◆ RECORDS PROVIDED:
━━━━━━━━━━━━━━━━━━━━━━━━━━━━━━

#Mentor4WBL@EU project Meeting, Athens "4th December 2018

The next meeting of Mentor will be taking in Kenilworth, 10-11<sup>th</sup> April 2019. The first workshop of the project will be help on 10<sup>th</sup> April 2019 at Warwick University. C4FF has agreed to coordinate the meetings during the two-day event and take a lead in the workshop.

━━━━━━━━━━━━━━━━━━━━━━━━━━━━━━

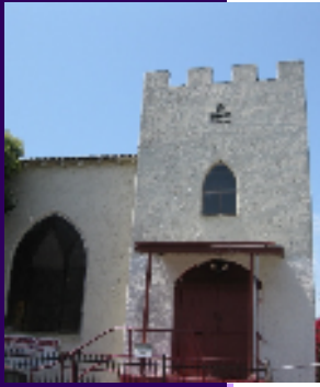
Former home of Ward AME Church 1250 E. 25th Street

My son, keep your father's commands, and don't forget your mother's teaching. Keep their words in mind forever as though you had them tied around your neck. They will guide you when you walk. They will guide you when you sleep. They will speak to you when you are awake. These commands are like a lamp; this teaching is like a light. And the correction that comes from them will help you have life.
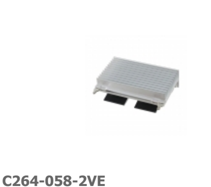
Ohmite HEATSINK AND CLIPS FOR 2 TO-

━━━━━━━━━━━━━━━━━━━━━━━━━━━━━━

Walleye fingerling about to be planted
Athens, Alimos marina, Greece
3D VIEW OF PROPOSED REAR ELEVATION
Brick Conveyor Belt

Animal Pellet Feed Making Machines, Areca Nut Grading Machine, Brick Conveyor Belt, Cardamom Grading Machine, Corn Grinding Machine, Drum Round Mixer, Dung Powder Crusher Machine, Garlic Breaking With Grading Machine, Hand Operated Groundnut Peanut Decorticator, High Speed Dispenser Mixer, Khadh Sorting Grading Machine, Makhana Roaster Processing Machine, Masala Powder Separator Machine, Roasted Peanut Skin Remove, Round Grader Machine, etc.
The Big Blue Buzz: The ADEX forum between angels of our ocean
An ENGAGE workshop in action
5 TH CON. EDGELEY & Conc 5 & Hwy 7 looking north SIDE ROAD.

━━━━━━━━━━━━━━━━━━━━━━━━━━━━━━

◆ GOAL OF THE EXERCISE:
The result should be an exact copy of only the lines above from the one that holds "Former home of" through the one that holds "Ohmite HEATSINK AND", both ends included, without pictures.

◆ WRITTEN ANSWER:
Former home of Ward AME Church 1250 E. 25th Street

My son, keep your father's commands, and don't forget your mother's teaching. Keep their words in mind forever as though you had them tied around your neck. They will guide you when you walk. They will guide you when you sleep. They will speak to you when you are awake. These commands are like a lamp; this teaching is like a light. And the correction that comes from them will help you have life.
Ohmite HEATSINK AND CLIPS FOR 2 TO-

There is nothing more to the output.